We evaluated the AxSYM troponin I (cTnI) immunoassay for assisting in the detection of acute myocardial infarction (AMI). At four sites, the total imprecision (CV) over 20 days was 6.3-10.2%. The minimum detectable concentration was 0.14 ± 0.05 μg/L. Comparison of cTnI measurements between the AxSYM and Stratus (n = 406) over the dynamic range of the AxSYM assay demonstrated good correlation, r = 0.881, with a proportional bias: AxSYM cTnI = 3.50(Stratus cTnI) - 1.10. The confidence intervals (95%) for the slope and intercept were 3.39-3.64 and -1.32 to -0.95, respectively.
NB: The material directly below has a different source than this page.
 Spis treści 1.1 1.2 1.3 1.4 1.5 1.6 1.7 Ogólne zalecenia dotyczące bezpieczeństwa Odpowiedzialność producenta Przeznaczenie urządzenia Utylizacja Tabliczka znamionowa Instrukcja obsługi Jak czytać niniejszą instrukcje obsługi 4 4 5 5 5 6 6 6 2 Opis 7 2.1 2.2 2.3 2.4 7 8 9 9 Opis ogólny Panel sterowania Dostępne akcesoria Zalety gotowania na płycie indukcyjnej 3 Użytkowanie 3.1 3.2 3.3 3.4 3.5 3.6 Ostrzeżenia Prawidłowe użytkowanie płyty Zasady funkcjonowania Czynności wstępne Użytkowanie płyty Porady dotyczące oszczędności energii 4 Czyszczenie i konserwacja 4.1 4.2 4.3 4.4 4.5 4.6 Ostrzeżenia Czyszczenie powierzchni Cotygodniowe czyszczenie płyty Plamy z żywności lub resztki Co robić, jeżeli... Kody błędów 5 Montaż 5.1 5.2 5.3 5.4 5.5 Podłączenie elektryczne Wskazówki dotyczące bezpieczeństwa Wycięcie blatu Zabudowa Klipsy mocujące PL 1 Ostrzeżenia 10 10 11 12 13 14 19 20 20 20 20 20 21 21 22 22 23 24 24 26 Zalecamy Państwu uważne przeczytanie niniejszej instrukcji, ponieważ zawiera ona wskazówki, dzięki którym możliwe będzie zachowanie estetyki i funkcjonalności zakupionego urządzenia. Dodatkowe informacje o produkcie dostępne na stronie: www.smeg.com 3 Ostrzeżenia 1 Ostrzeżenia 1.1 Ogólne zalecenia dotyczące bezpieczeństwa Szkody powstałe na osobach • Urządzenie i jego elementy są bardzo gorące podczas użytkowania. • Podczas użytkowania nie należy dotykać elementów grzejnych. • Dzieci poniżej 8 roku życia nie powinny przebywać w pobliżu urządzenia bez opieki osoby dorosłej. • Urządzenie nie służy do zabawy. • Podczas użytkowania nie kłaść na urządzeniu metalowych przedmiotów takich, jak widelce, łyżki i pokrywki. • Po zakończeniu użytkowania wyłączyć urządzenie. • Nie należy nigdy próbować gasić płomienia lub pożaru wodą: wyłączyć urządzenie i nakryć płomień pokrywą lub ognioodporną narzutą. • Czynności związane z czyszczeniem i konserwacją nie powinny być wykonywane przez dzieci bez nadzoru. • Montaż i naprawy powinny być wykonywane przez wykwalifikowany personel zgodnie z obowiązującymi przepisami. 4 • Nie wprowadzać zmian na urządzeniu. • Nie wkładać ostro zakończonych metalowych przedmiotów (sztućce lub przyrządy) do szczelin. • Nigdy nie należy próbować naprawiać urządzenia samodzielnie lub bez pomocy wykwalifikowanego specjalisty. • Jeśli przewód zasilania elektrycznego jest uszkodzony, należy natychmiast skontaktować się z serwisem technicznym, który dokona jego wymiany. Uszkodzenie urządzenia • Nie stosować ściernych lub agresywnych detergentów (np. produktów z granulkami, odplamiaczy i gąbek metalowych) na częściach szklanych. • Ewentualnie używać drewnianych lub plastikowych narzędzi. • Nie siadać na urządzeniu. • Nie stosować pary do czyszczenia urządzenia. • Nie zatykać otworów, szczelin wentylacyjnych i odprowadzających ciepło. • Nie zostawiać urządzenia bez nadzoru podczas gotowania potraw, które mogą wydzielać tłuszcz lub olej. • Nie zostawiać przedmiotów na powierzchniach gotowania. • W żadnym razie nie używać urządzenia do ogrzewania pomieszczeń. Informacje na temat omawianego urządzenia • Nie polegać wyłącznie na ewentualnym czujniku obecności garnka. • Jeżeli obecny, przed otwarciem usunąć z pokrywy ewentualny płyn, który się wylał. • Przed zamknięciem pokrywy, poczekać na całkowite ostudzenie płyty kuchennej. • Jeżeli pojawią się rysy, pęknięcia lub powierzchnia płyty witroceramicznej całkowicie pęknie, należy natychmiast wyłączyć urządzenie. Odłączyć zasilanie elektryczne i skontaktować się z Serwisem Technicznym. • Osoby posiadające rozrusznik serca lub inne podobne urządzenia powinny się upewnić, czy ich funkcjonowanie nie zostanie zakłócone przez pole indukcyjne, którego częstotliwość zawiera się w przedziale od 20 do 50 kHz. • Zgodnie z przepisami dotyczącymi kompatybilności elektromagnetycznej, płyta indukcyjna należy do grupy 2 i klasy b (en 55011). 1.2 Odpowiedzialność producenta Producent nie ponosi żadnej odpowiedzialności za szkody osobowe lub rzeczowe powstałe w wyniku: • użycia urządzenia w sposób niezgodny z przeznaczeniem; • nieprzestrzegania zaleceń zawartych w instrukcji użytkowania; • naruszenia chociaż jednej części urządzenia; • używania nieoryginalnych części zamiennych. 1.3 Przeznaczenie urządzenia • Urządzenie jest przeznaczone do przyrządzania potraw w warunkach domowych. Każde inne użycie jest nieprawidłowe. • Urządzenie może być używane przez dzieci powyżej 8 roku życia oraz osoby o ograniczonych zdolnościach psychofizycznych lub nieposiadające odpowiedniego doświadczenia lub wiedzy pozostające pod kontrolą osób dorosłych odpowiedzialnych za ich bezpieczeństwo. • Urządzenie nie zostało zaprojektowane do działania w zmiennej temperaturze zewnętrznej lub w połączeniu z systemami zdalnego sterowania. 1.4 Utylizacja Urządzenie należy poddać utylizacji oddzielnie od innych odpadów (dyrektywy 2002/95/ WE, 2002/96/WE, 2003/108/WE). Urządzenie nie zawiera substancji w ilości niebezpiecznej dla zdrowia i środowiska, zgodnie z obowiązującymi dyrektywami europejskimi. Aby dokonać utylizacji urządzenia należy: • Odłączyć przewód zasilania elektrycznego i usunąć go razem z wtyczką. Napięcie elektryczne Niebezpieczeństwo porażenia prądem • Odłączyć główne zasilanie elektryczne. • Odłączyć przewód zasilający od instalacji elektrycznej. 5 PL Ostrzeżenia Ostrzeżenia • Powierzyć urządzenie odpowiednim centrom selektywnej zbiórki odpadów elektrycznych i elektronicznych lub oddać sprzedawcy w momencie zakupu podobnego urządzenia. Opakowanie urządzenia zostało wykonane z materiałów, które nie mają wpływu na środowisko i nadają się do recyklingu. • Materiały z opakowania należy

The expected cTnI concentration in healthy individuals was ≤0.5 μg/L, whereas the ROC curve-determined cutoff for AMI was 2.0 μg/L. This gave a diagnostic sensitivity of 91.8% and specificity of 92.4% when tested in serial samples collected within 24 h of admission in 633 patients presenting with chest pain, of which 122 had an AMI. The concordances of the AxSYM cTnI with the Stratus cTnI, OPUS cTnI, and Access cTnI were 95.3%, 95.1%, and 94.3%, respectively, from patients with suspected AMI. The AxSYM cTnI demonstrated excellent clinical specificity, ≥96%, in skeletal muscle injury, chronic renal disease, and same-day noncardiac surgery patients.